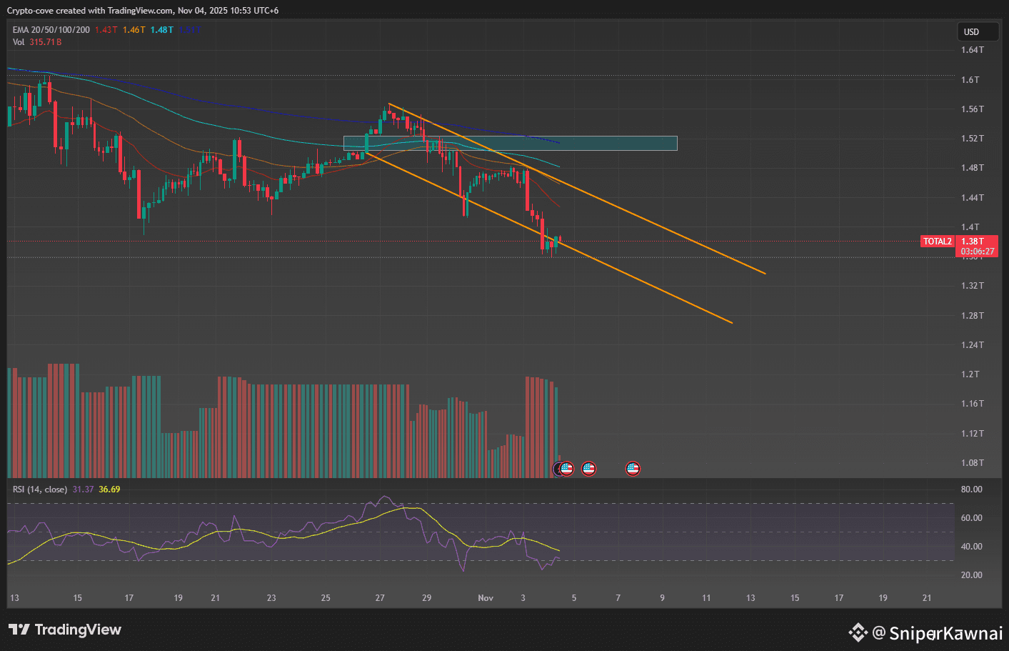 total2 is the index from which we can understand how xrp is going to perform against ETH . Right now xrp break out it's falling wedge support . it might go down more . but after that we can see a healthy upward movement .
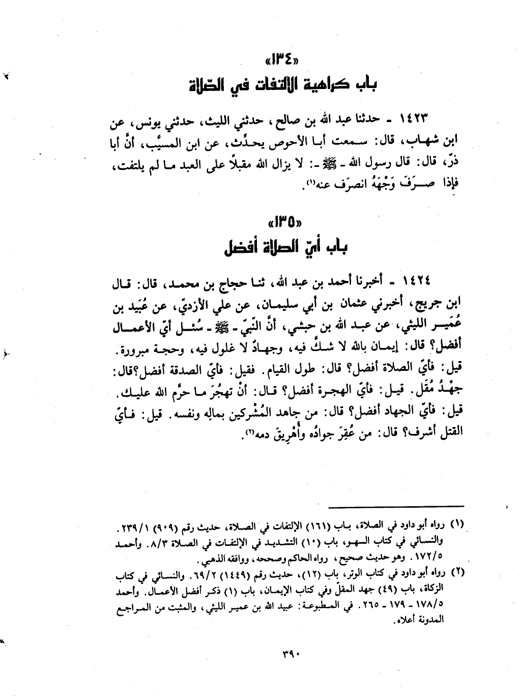 1424 - أخبرنا أحمد بن عبد الله ثنا حجاج بن محمد قال قال بن جريج أخبرني عثمان بن أبي سليمان عن علي الأزدي عن عبيد بن عمير الليثي عن عبد الله بن حبشي : ان النبي صلى الله عليه و سلم سئل أي الأعمال أفضل قال إيمان بالله لا شك فيه وجهاد لا غلول فيه وحجة مبرورة قيل فأي الصلاة أفضل قال طول القيام فقيل فأي الصدقة أفضل قال جهد مقل قيل فأي الهجرة أفضل قال ان تهجر ما حرم الله عليك قيل فأي الجهاد أفضل قال من جاهد المشركين بماله ونفسه قيل فأي القتل أشرف قال من عقر جواده وأهريق دمه
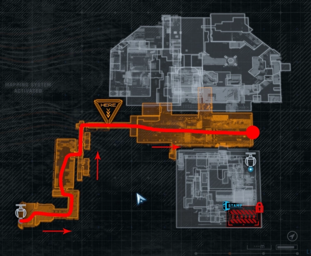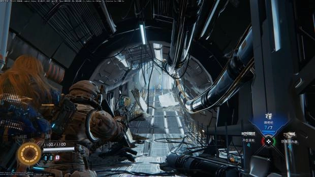 由于《识质存在》并未内置基准测试工具,因此测试在游戏中进行。地点为序章中的“制造阵列入口”,从图示的摇篮机手动跑图至封锁区入口,途中会引发NPC战斗,但我们直接无视并继续跑图。需要注意的是,由于游戏依然使用了经典的RE引擎,因此在室内以及室外的帧数表现有极大区别,而我们的测试路线前半程位于室内,后半程位于室外,一定程度上具有代表性。
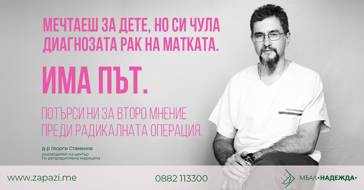 Кампанията ще протече онлайн - в социалните мрежи, специализирания информационен портал на МБАЛ „Надежда" - zapazi.me, партньорски сайтове и различни платформи, в които регулярно ще бъде публикувана полезна и достоверна информация, свързана с темата за запазване на репродукцията при пациенти с онкологична диагноза.
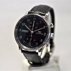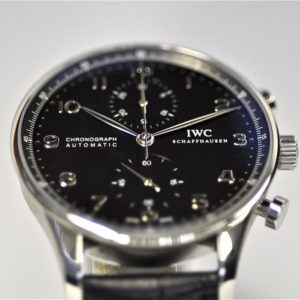 iwc replica portoghese chrono black dial strip leather orologio imitazione
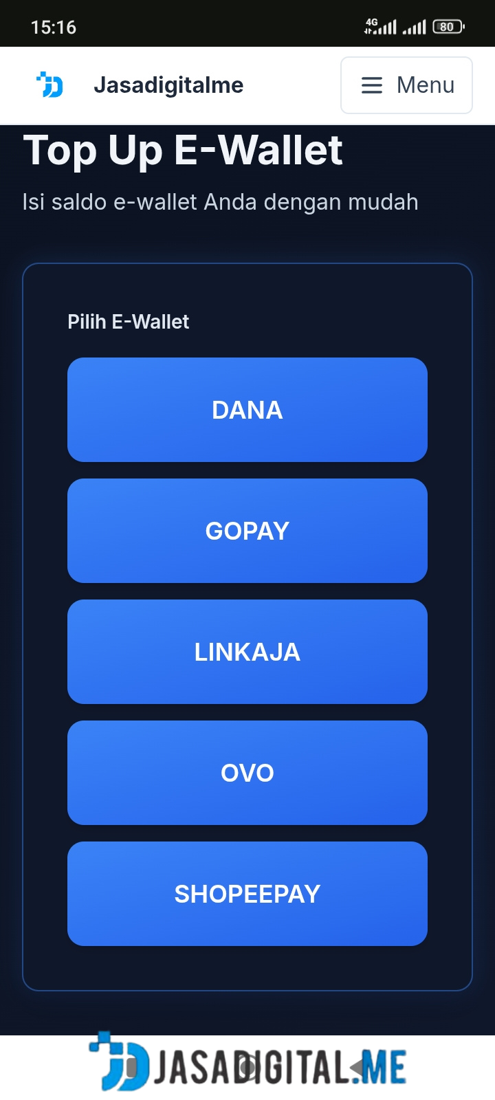 Kedua, pilih jenis E-Wallet sesuai keingan Anda. Di tutorial ini dicontohkan memilih DANA.
————
* WHAT IS BEING ASKED
Keep to the stretch from the line containing "1424 - أخبرنا" through the line containing "由于《识质存在》并未内置基准", both ends included, and copy it exactly from the listing above, minus the pictures.

* EXERCISE ANSWER
 1424 - أخبرنا أحمد بن عبد الله ثنا حجاج بن محمد قال قال بن جريج أخبرني عثمان بن أبي سليمان عن علي الأزدي عن عبيد بن عمير الليثي عن عبد الله بن حبشي : ان النبي صلى الله عليه و سلم سئل أي الأعمال أفضل قال إيمان بالله لا شك فيه وجهاد لا غلول فيه وحجة مبرورة قيل فأي الصلاة أفضل قال طول القيام فقيل فأي الصدقة أفضل قال جهد مقل قيل فأي الهجرة أفضل قال ان تهجر ما حرم الله عليك قيل فأي الجهاد أفضل قال من جاهد المشركين بماله ونفسه قيل فأي القتل أشرف قال من عقر جواده وأهريق دمه
 由于《识质存在》并未内置基准测试工具,因此测试在游戏中进行。地点为序章中的“制造阵列入口”,从图示的摇篮机手动跑图至封锁区入口,途中会引发NPC战斗,但我们直接无视并继续跑图。需要注意的是,由于游戏依然使用了经典的RE引擎,因此在室内以及室外的帧数表现有极大区别,而我们的测试路线前半程位于室内,后半程位于室外,一定程度上具有代表性。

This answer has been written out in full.